Rapid Initial Loss of OB DA Neurons and Their Synapses Following Naris Occlusion

To investigate a potential role for microglia in the loss of OB DA neurons caused by naris occlusion (Sawada et al., 2011), we first needed to identify a time point at which DA neuron loss was significant, but still ongoing. Surprisingly, after just 7 days of naris occlusion, there was already a 22% decrease in DA neuron density, with 30 and 38% decreases seen after 14 and 21 days, respectively. This implies that DA neuron loss occurs rapidly within the first week of naris occlusion, then proceeds more gradually to reach the maximal 40% loss seen after 4 weeks (Sawada et al., 2011). Interestingly, compensatory mechanisms such as the continuing addition of new DA neurons during naris occlusion (Sawada et al., 2011) or increased recruitment of DA neurons such as that seen following 6-hydroxydopamine lesion of the GL (Lazarini et al., 2014) are insufficient to maintain DA neuron density. Alternatively, DA neuron numbers may be specifically reduced to meet the current needs of the OB network during naris occlusion. Consistent with this, the 19% decrease in DA neuron synapse density after 7 days of naris occlusion shows that synaptogenesis by remaining DA neurons was not up-regulated to offset neuronal loss.

Activity-Dependent Increase in Activated Microglia in the OB

As DA neurons and synapses underwent a dramatic loss following naris occlusion, microglial density increased significantly across all OB layers. This finding is consistent with the increased microglial density throughout the OB following deafferentation (Lazarini et al., 2012). Similarly, microglial density increased in the cochlear nucleus following cochlear ablation (Fuentes-Santamaría et al., 2012). In contrast, an early study found no change in microglial density in the OB following neonatal naris occlusion (Caggiano and Brunjes, 1993). Thus, it is possible that microglia respond differently to loss of sensory input in the developing and adult OB. Alternatively, given that microglial density is elevated by developmental cell death (Ashwell, 1989), the high levels of cell death in the GL during early postnatal life (Fiske and Brunjes, 2001) may have saturated microglial density. The increase in microglial density in the occluded OB that we report resulted from a decrease in OB area rather than an increase in the absolute number of microglia. Microglia tile the brain, enabling them to continuously survey surrounding tissue (Nimmerjahn et al., 2005). Hence, the increase in microglial density in the occluded OB means that each microglia in the occluded OB is responsible for surveying a smaller volume than in the open OB.
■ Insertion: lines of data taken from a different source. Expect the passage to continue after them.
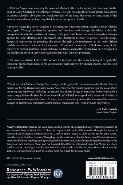 In 1517 an Augustinian monk by the name of Martin Luther nailed ninety-five statements to the door at Castle Church in Wittenberg, Germany. This was not a means of open debate but a desire to discuss scholarly objections to church practices of the time. Five centuries later, many of the same errors and heresies have crept back into the evangelical church. A modern ninety-five theses, couched in new terms for a new generation, require scholarly debate once again. Through modern-day apostles and prophets, and through the elitists within the evangelical church, the doctrine of buying God's grace and favor has been propagated through appeals for seed offerings and ""atonement-day"" donations in order to garner God's blessings. Pragmatic approaches to preaching the gospel through such movements as the seeker-driven models have moved the focus of the message of Christ and the worship of God from being God-centered to human-centered. Sound historical doctrines, such as the Trinity, have been relegated to the sidelines in favor of unity and ecumenicalism with Oneness preachers. In the words of Martin Luther, ""Out of love for the truth and the desire to bring it to light,"" the following propositions need to be discussed in their entirety by church leaders, pastors, and laypeople alike.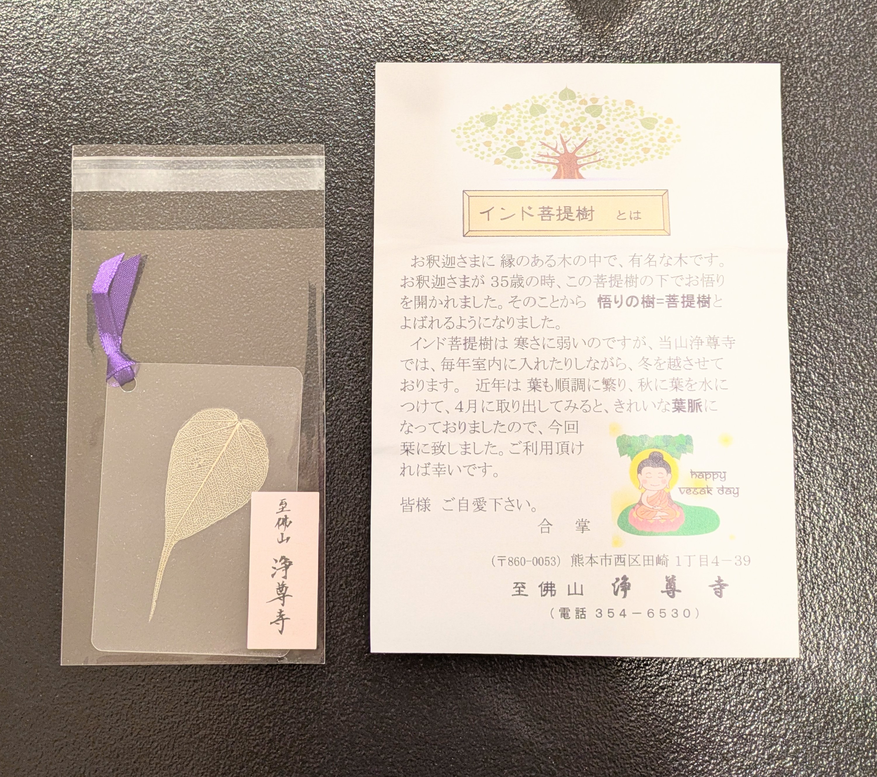 ご参拝いただいた皆様にお菓子と、当寺で育てたインド菩提樹の葉脈でしおりを作成して持って帰っていただきました。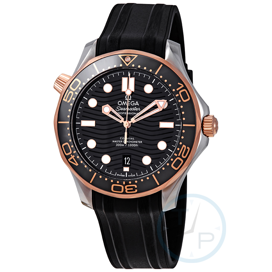 Stainless steel case with a black rubber strap. Uni-directional rotating 18kt sedna gold bezel with a black ceramic (count-up elapsed time) ring. Black dial with luminous rose gold-tone skeleton hands and dot hour markers. Minute markers around the outer rim. Dial Type: Analog. Luminescent hands and markers. Date display at the 6 o'clock position. Omega calibre 8800 automatic movement, containing 35 Jewels, bitting at 25200 vph, and has a power reserve of approximately 55 hours. Scratch resistant sapphire crystal. Screw down crown. Transparent case back. Round case shape. Case size: 42 mm. Case thickness: 11 mm. Band width: 20 mm. Tang clasp. Water resistant at 300 meters / 1000 feet. Functions: date, hour, minute, second. Seamaster Series. Dive watch style. Watch label: Swiss Made. Omega Seamaster Automatic Steel 18kt Sedna Gold Black Dial Mens Watch 210.22.42.20.01.002.

Microglia also adopted morphologies consistent with activation in the occluded OB; this change was discernible by eye and was corroborated through quantitative analysis of microglial processes. Such morphological changes are consistent with reports of increased microglial activation in the OB following both naris occlusion and chemical ablation of the OE (Fiske and Brunjes, 2000; Chang et al., 2003), and are again mirrored in the cochlear nucleus following cochlear ablation (Fuentes-Santamaría et al., 2012). Activated microglia are known to exhibit phagocytic behavior (Hanisch and Kettenmann, 2007), consistent with the idea that microglia engulf DA synapses and perhaps even entire DA neurons following naris occlusion.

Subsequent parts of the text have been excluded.